Notice that $$\frac{100}{4}$$ is equal to 25 and rewrite it:

$$\displaystyle x^2 + 5x + \frac{25}{4} =25$$

Since the left side is now a perfect square, let’s rewrite it:

$$\displaystyle \left(x+\frac52 \right)^2 = 25$$

For this equation to be true, one of these equations must true:

$$\displaystyle x + \frac52 = 5 \quad \text{or} \quad x + \frac52 = \text-5$$

To finish up, we can subtract $$\frac52$$ from each side of the equal sign in each equation.
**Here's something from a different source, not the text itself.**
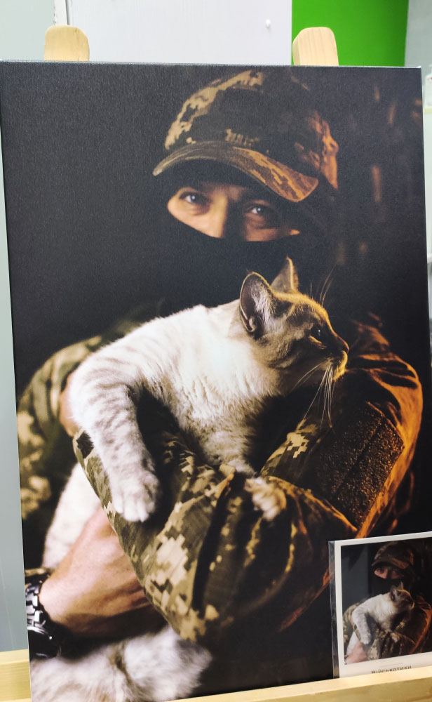 На фото позначені позивний військовослужбовця і ім'я кота. Одна листівка коштує мінімум 100 гривень, але можна давати більше, адже виручені гроші підуть на допомогу ЗСУ.
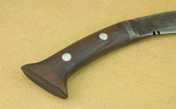 廓尔喀灰狼弯刀 全长:47cm 刃长:31cm 柄长:16cm 刃宽:5.3cm 刃厚:10mm 总重:1300g (含皮套) 刃材:高碳钢 刀套:原木包皮 柄材:红酸枝 硬度:59HRC 性能:半开刃

\displaystyle \begin {align} x = 5 - \frac52 \quad &\text{or} \quad x = \text-5 - \frac52\\x = \frac{5}{2} \quad &\text{or} \quad x = \text-\frac{15}{2}\\x = 2\frac12 \quad &\text{or} \quad x = \text-7\frac12 \end{align}

It takes some practice to become proficient at completing the square, but it makes it possible to solve many more equations than you could by methods you learned previously.

Glossary Entries

• completing the square

Completing the square in a quadratic expression means transforming it into the form $$a(x+p)^2-q$$, where $$a$$, $$p$$, and $$q$$ are constants.
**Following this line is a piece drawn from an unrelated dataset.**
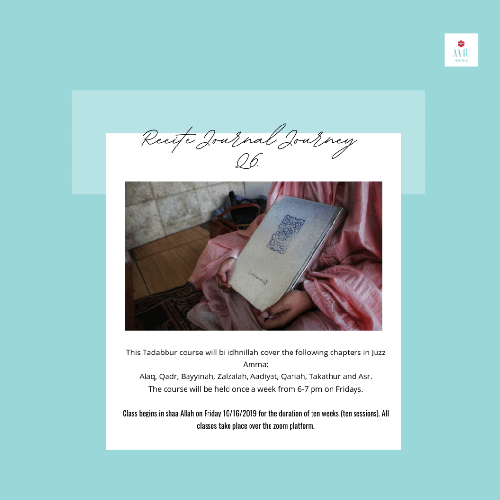We need to make the Qur’an our companion in this life so it becomes our companion in the Hereafter. Tadabbur is a beautiful way to connect with your Maker and with His words. Alhamdulillah we also offer self-study courses in Tadabbur on our learning portal and a new live class is coming up soon in shaa Allah in October, with sister Joi Faison Saleem. She took a well deserved break to bring into this world her baby and care for her family and she is now back teaching in shaa Allah. Click on this link to save your seat for the upcoming class. The tadabbur will be over the following suwar: Alaq, Qadr, Bayyinah, Zalzalah, Aadiyat, Qariah, Takathur and Asr.

Completing the square in a quadratic equation means transforming into the form $$a(x+p)^2=q$$.

• perfect square

A perfect square is an expression that is something times itself. Usually we are interested in situations where the something is a rational number or an expression with rational coefficients.

• rational number

A rational number is a fraction or the opposite of a fraction. Remember that a fraction is a point on the number line that you get by dividing the unit interval into $$b$$ equal parts and finding the point that is $$a$$ of them from 0. We can always write a fraction in the form $$\frac{a}{b}$$ where $$a$$ and $$b$$ are whole numbers, with $$b$$ not equal to 0, but there are other ways to write them. For example, 0.7 is a fraction because it is the point on the number line you get by dividing the unit interval into 10 equal parts and finding the point that is 7 of those parts away from 0. We can also write this number as $$\frac{7}{10}$$.

The numbers $$3$$, $$\text-\frac34$$, and $$6.7$$ are all rational numbers. The numbers $$\pi$$ and $$\text-\sqrt{2}$$ are not rational numbers, because they cannot be written as fractions or their opposites.